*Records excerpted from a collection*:
╭──

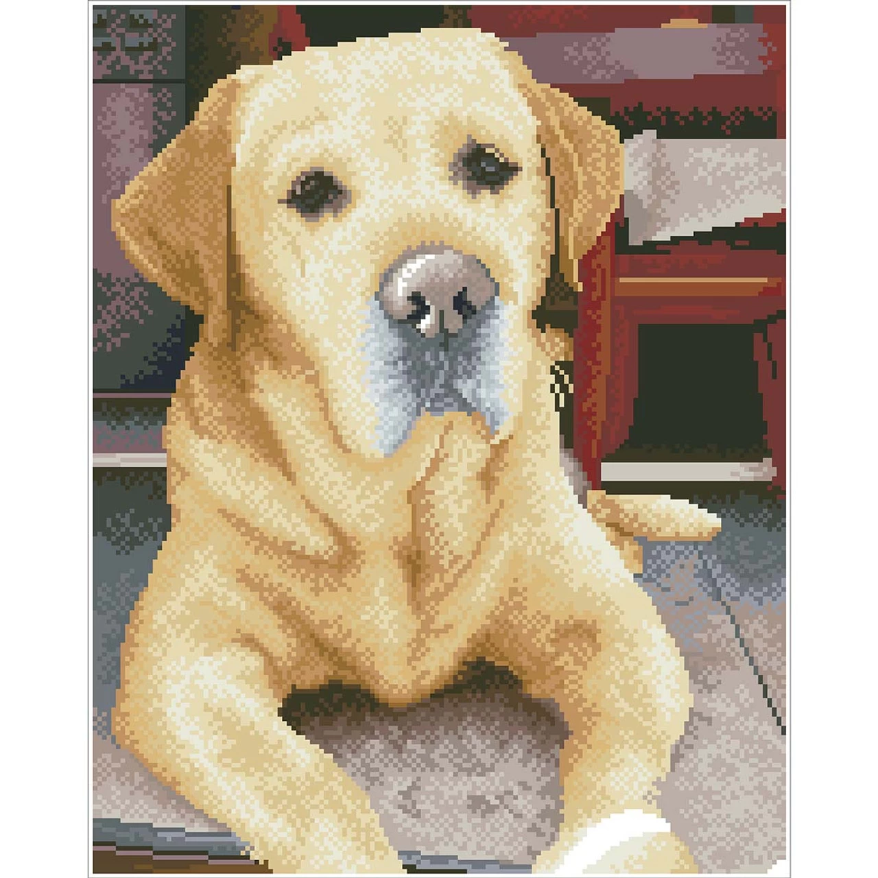β’ This diamond painting design features a yellow Labrador lying on the floor next to a table.
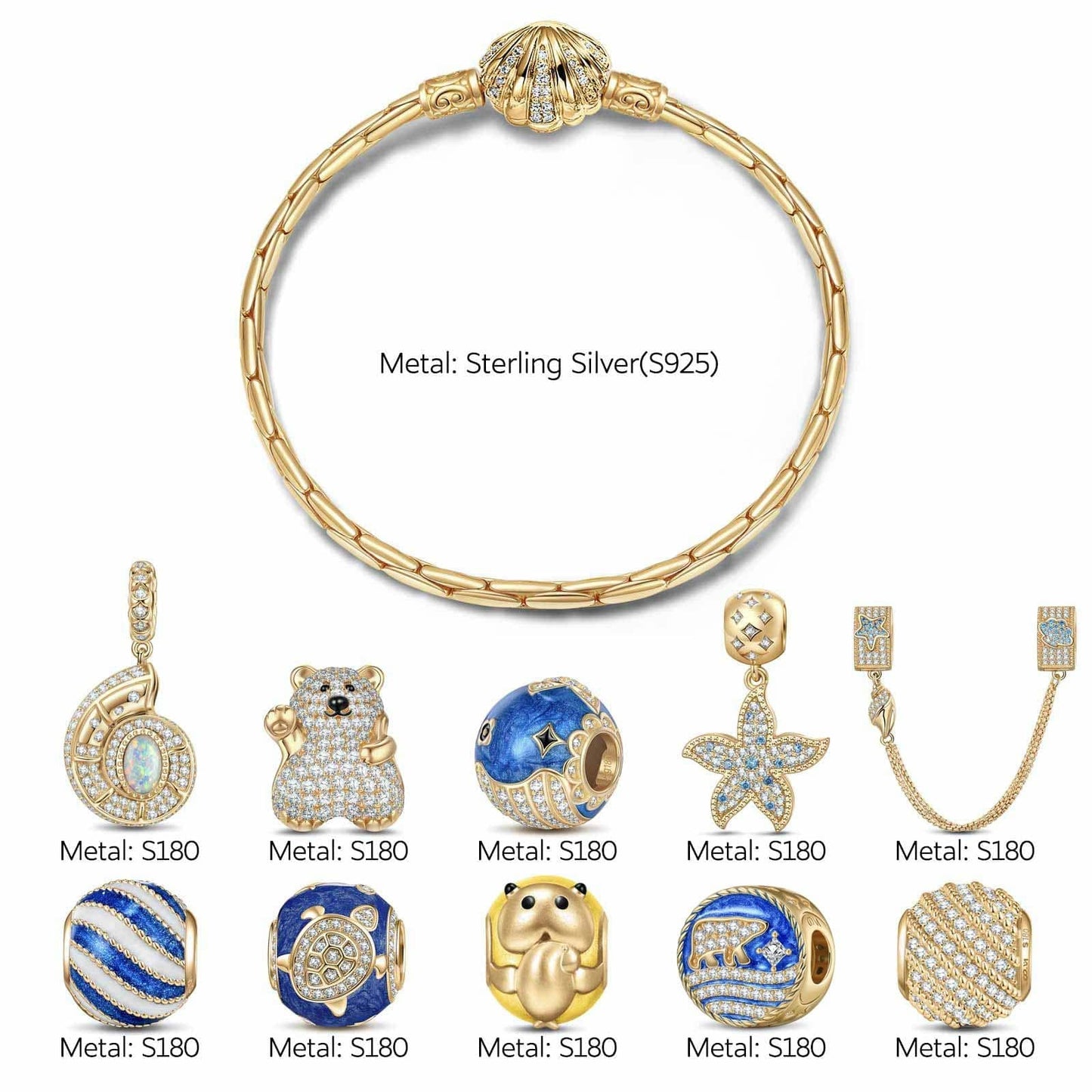 Design: Draws inspiration from the diverse marine life found in the depths of the sea and ocean culture. Each charm, whether it be a dolphin, a seashell, a mermaid, or a sailing vessel, carries the spirit of the sea and its inhabitants, inviting you to embrace the beauty and diversity of our marine ecosystem.
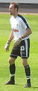 Starke made his Bayer Leverkusen debut on 25 August 2000, playing the whole game, in a 2–1 loss against St. Pauli in the first round of the DFB-Pokal, which was his only appearance for the club.[6] Although he spent most of the 2000–01 season playing for the reserve side, Starke was called up to the first team, appearing as an unused substitute for the rest of the season.[7][8][9] Despite not appearing in the squad for the UEFA Champions League Final against Real Madrid, Starke revealed that he was given a runner–up medal and said: "Maybe it was simplistic political reasons that I never got used."[10] For the rest of his career at Bayer Leverkusen, Starke continued to remain as a cover behind Hans-Jörg Butt, appearing as an unused substitute and at the same time, he appeared regularly for the Bayer Leverkusen II.[11][12][5]
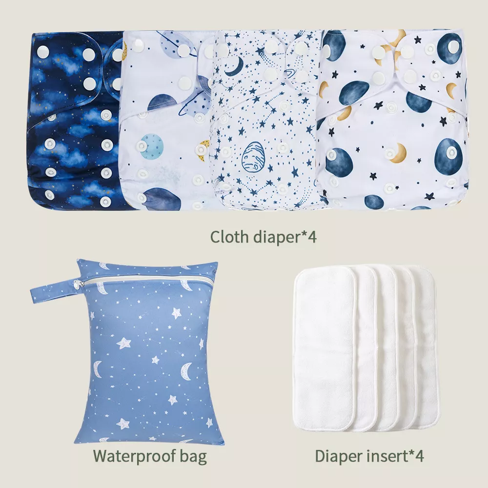 This practical yet adorable set includes 9 waterproof cloth diapers, absorbent inserts, and a convenient wet bag for storage. Perfect for day or night use, at home or on outings, these diapers keep leaks under control while offering breathable comfort. The portable storage bag lets you pack used or clean diapers without mess, making this the ultimate diapering solution for busy parents.
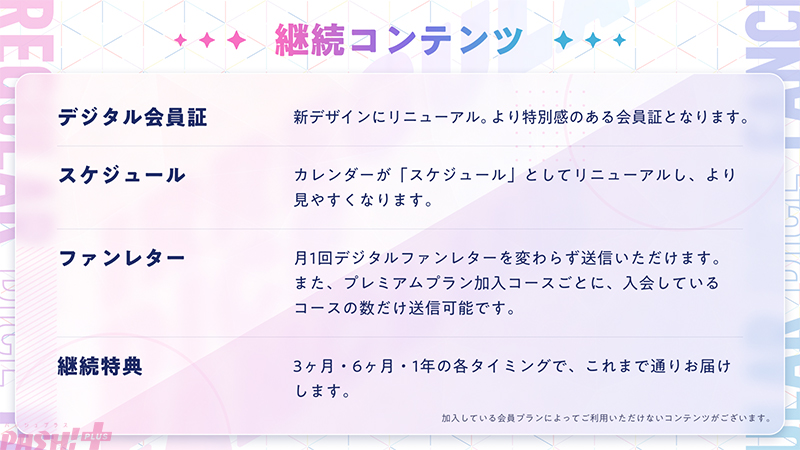 ファンクラブのリニューアルに伴いコンテンツの追加・廃止となるコンテンツがあります。
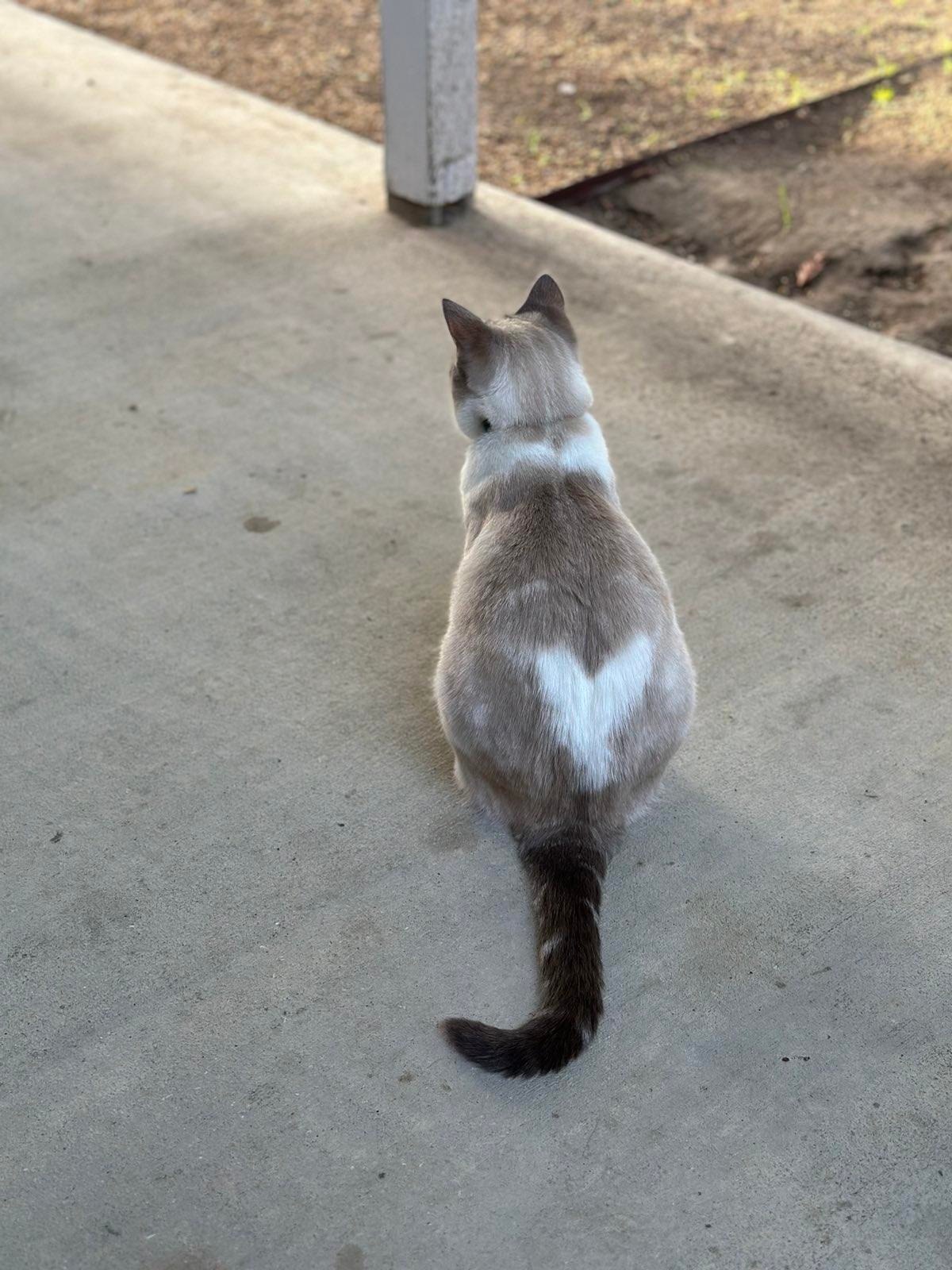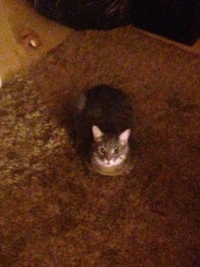 We found here as a kitten alone on the road passing through some orchards in the country near where we live. She plays hard then sleeps hard. Easily bored. Loves to sleep in my office while I'm working.
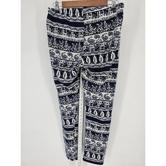 J Jill Womens Sz 10 Essential Cotton Pull On Pants White Blue Floral
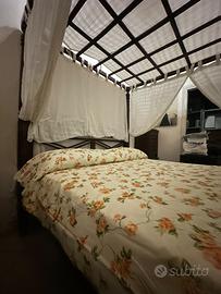 Vendo letto matrimoniale a baldacchino(materasso escluso) in legno massiccio stile etnico,acquistato 4 anni fa a 3,000€ ma é tenuto in ottime condizioni. Prezzo poco trattabile
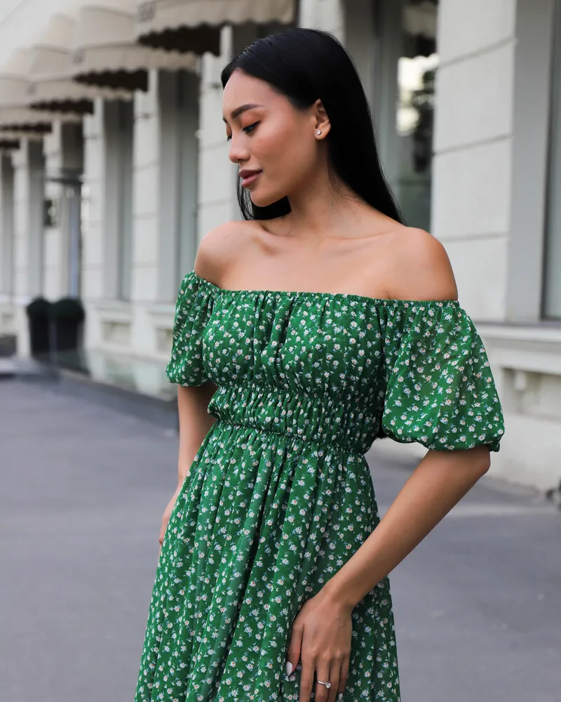 Верх сукні представлений у вигляді еластичної резинки, яку зручно регулювати як Вам подобається, можна оголити плечі, тим самим зробити Ваш образ дуже ніжним та легким.

╰──

All records must be output exactly as they are, except for the pictures, which are left out.

β’ This diamond painting design features a yellow Labrador lying on the floor next to a table.
 Design: Draws inspiration from the diverse marine life found in the depths of the sea and ocean culture. Each charm, whether it be a dolphin, a seashell, a mermaid, or a sailing vessel, carries the spirit of the sea and its inhabitants, inviting you to embrace the beauty and diversity of our marine ecosystem.
 Starke made his Bayer Leverkusen debut on 25 August 2000, playing the whole game, in a 2–1 loss against St. Pauli in the first round of the DFB-Pokal, which was his only appearance for the club.[6] Although he spent most of the 2000–01 season playing for the reserve side, Starke was called up to the first team, appearing as an unused substitute for the rest of the season.[7][8][9] Despite not appearing in the squad for the UEFA Champions League Final against Real Madrid, Starke revealed that he was given a runner–up medal and said: "Maybe it was simplistic political reasons that I never got used."[10] For the rest of his career at Bayer Leverkusen, Starke continued to remain as a cover behind Hans-Jörg Butt, appearing as an unused substitute and at the same time, he appeared regularly for the Bayer Leverkusen II.[11][12][5]
 This practical yet adorable set includes 9 waterproof cloth diapers, absorbent inserts, and a convenient wet bag for storage. Perfect for day or night use, at home or on outings, these diapers keep leaks under control while offering breathable comfort. The portable storage bag lets you pack used or clean diapers without mess, making this the ultimate diapering solution for busy parents.
 ファンクラブのリニューアルに伴いコンテンツの追加・廃止となるコンテンツがあります。
 We found here as a kitten alone on the road passing through some orchards in the country near where we live. She plays hard then sleeps hard. Easily bored. Loves to sleep in my office while I'm working.
 J Jill Womens Sz 10 Essential Cotton Pull On Pants White Blue Floral
 Vendo letto matrimoniale a baldacchino(materasso escluso) in legno massiccio stile etnico,acquistato 4 anni fa a 3,000€ ma é tenuto in ottime condizioni. Prezzo poco trattabile
 Верх сукні представлений у вигляді еластичної резинки, яку зручно регулювати як Вам подобається, можна оголити плечі, тим самим зробити Ваш образ дуже ніжним та легким.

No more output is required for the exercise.